For another change of pace, Ron Kovac was devoutly religious, patriotic, a star athlete, and a war veteran, but when he returned from Vietnam, he found that his country had turned its back on him. While Born on the Fourth of July doesn’t seem to have a lot of shared DNA with Goodfellas, both vastly opposing films shine a light on the psychological effects of being cast aside by society can have. For Kovac, it leaves him increasingly bitter after he went through hell for no discernible reward, but for Henry, the lack of non-illicit prospects and lowly status serves to push him deeper and deeper into criminality because there are no better options on the table.

Billy Wilder’s classic noir Sunset Boulevard charts the downside of chasing wealth, status, and success and how it can lead to a downward spiral of misdeeds, regrets, tragedy, and death, so it’s not as far away from Goodfellas as it may seem at first glance. Along similar lines, Henry’s infatuation with the mob is driven largely by the lure of milking capitalism for all it’s worth to maximise it for his own gain, so where better to head than Paul Thomas Anderson’s There Will Be Blood?

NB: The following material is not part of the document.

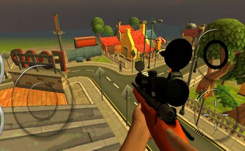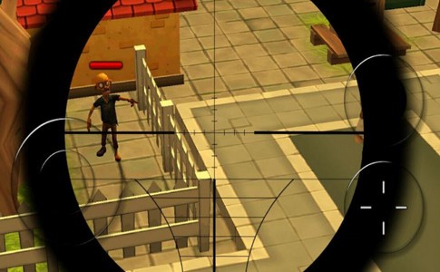 单击目标以打开狙击步枪的范围,瞄准僵尸的头部并开始射击。

Corruption, the building of an ill-gotten empire, and the staunch avoidance of dealing with anything or anyone that doesn’t provide a direct personal benefit to those involved are all over every frame of Goodfellas, with its various characters gradually sacrificing their humanity at the altar of money and power in a manner that’s hardly a million miles away from Daniel Day-Lewis’ towering Daniel Plainview.